## Aim of the exercise
All of the data below should be printed again exactly, pictures excluded.

## Exercise data

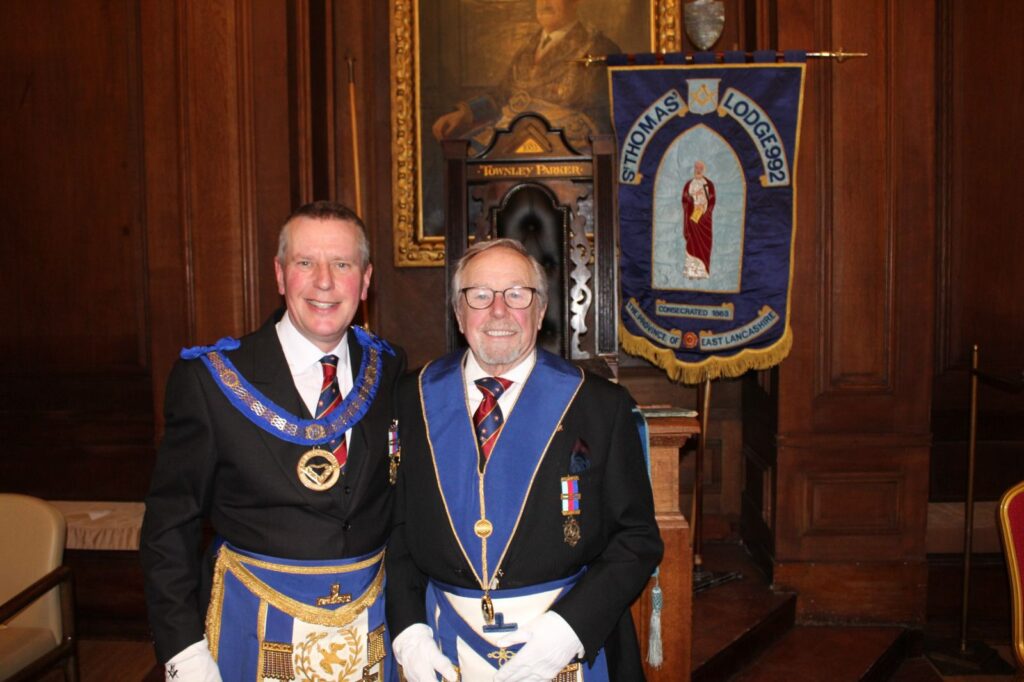 The Worshipful Master presented the Deputy Provincial Grand Master in charge with a cheque in aid of the East Lancashire 2026 Festival Appeal before he retired from the Lodge accompanied by the Provincial Delegation and the celebrant.
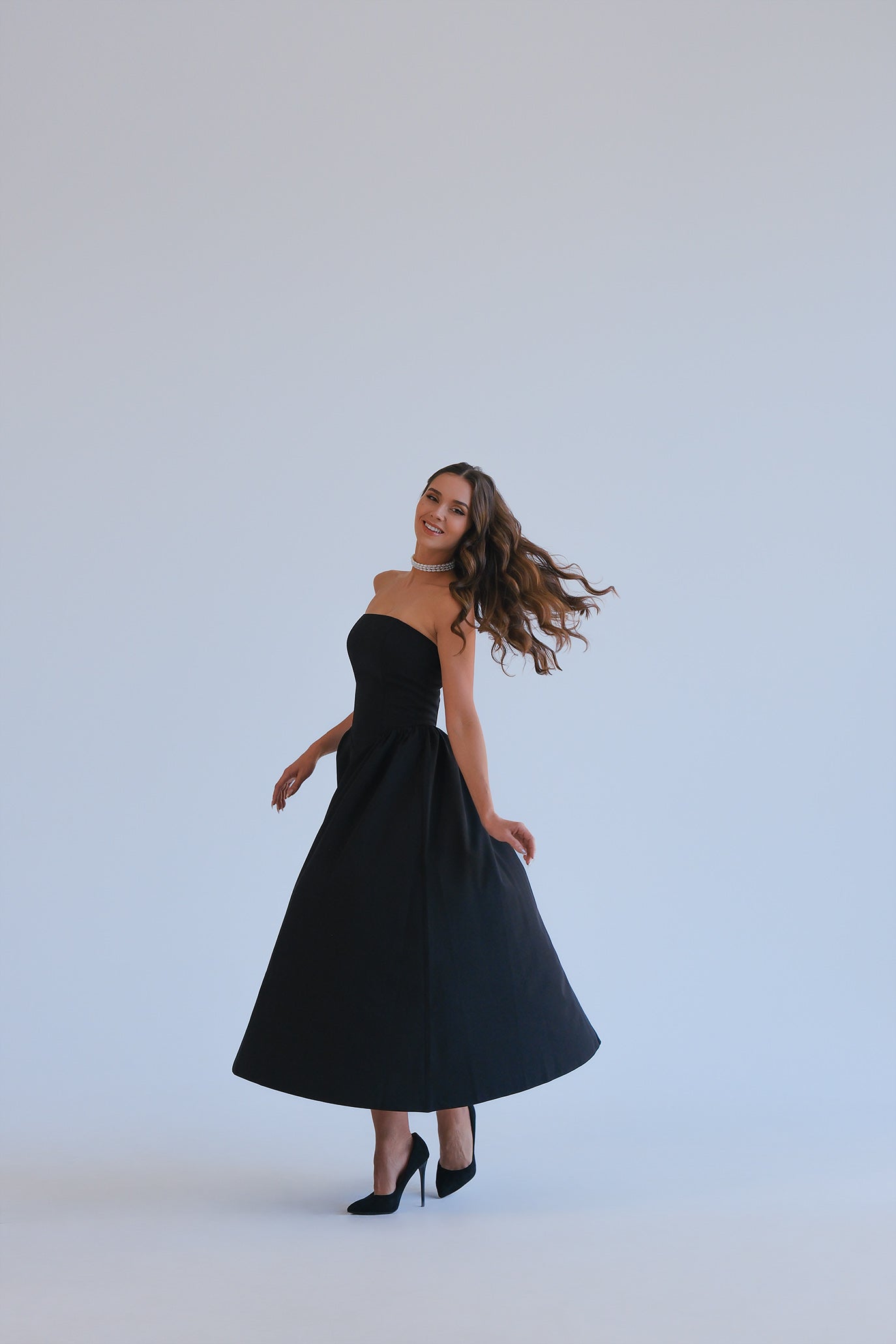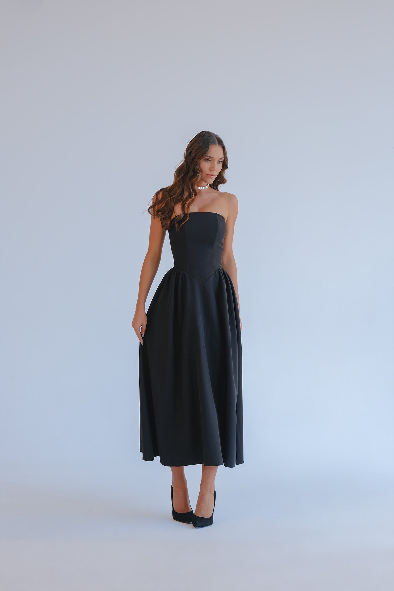 Минималистична, но впечатляваща рокля със съвременен силует. Горната част е тип бюстие със стабилна вътрешна конструкция, която прибира и оформя бюста, а V-образният шев към талията визуално издължава фигурата. Полата е с меки гънки, които придават обем и движение, падащи до елегантна миди дължина. Моделът е изработен от плътна, меко падаща материя с лек еластичен комфорт.
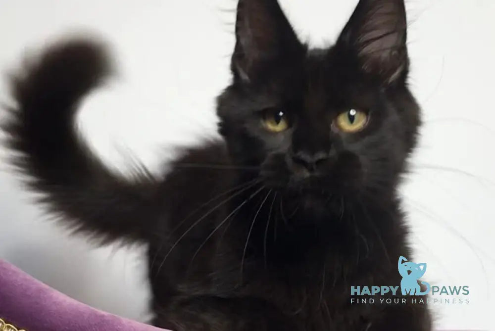 Lovis is a striking black Maine Coon male, known for his robust build and luxurious, dense coat. This breed’s natural intelligence and gentle temperament make Lovis an excellent companion for experienced cat owners seeking a majestic and affectionate pet. His distinctive tufted ears and bushy tail highlight the classic Maine Coon features, while his calm demeanor ensures he adapts well to various home environments. Lovis embodies the perfect balance of strength and grace, ideal for those who appreciate the unique qualities of this distinguished breed.

## Answer
 The Worshipful Master presented the Deputy Provincial Grand Master in charge with a cheque in aid of the East Lancashire 2026 Festival Appeal before he retired from the Lodge accompanied by the Provincial Delegation and the celebrant.
 Минималистична, но впечатляваща рокля със съвременен силует. Горната част е тип бюстие със стабилна вътрешна конструкция, която прибира и оформя бюста, а V-образният шев към талията визуално издължава фигурата. Полата е с меки гънки, които придават обем и движение, падащи до елегантна миди дължина. Моделът е изработен от плътна, меко падаща материя с лек еластичен комфорт.
 Lovis is a striking black Maine Coon male, known for his robust build and luxurious, dense coat. This breed’s natural intelligence and gentle temperament make Lovis an excellent companion for experienced cat owners seeking a majestic and affectionate pet. His distinctive tufted ears and bushy tail highlight the classic Maine Coon features, while his calm demeanor ensures he adapts well to various home environments. Lovis embodies the perfect balance of strength and grace, ideal for those who appreciate the unique qualities of this distinguished breed.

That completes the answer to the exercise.